When Emma Bacon sends out Christmas cards this year, images of Santa, presents and reindeer won’t make the cut. Instead, the cards will feature one of Blacktown’s worst bus stops, decorated in festive tinsel.
Bacon, the executive director of advocacy organisation Sweltering Cities, said the message was clear: “This festive season, all we want for Christmas is good bus shelters in western Sydney.”
Sweltering Cities has decorated one of the many Blacktown bus stops without shelter to send a message to local MPs.Credit: Sweltering Cities
From scorching cement to worn-out benches and poles in dirt, bus stops in western Sydney often lack the necessary shelter to protect commuters from extreme weather.
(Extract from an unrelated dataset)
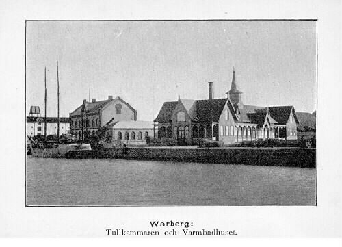"Warberg: Tullkammaren och Varmbadhuset". Bilden är tagen mot sydöst med tullhuset till vänster och bakom det ett vitt timrat lagerhus för spannmål. Det har kallats Lundqvists magasin (rivet 1978) och var sammanbyggt med hamnmagasinet från 1874, varifrån rian sticker upp.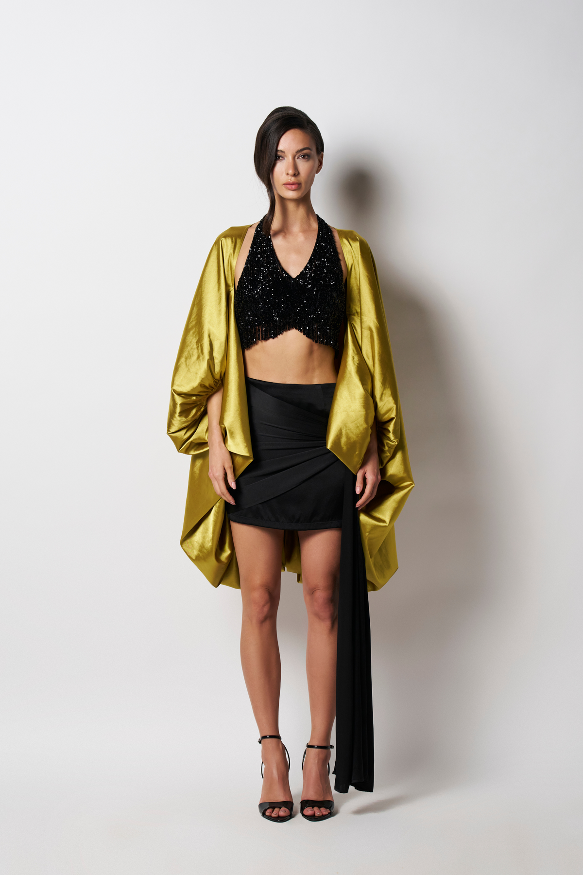 The kelly cape is a timeless piece that can be worn over a crop top or a shirt. It features balloon sleeves with a gathered hem for a dramatic touch. Designed to frame the body, it pairs perfectly with a top or ganji and jeans..

Bacon said this could have a significant impact on residents’ physical and mental health.
“This isn’t just about sun exposure or being exhausted,” she said.
“It’s also about the feelings of isolation that come with thinking I can’t even leave the house on a hot day because ... I’m walking down a treeless street, and then I’m standing there with no relief.
“That means that people, they miss appointments, they cancel social engagements.”
A bus stop on Rosenthal Street, Doonside, is one of 1674 in Blacktown that does not have shelter.Credit: Wolter Peeters
In the Blacktown City Council area, where temperatures often exceed 40 degrees in summer, 1674 of the area’s 2242 bus stops – or 75 per cent – lack shelters, a new council report found.
The report also identified high-use bus stops that should be prioritised for shelters based on their patronage and number of bus routes.
Blacktown Mayor Brad Bunting said there was “a lot more work to do in regard to delivering more bus shelters as the weather warms up”.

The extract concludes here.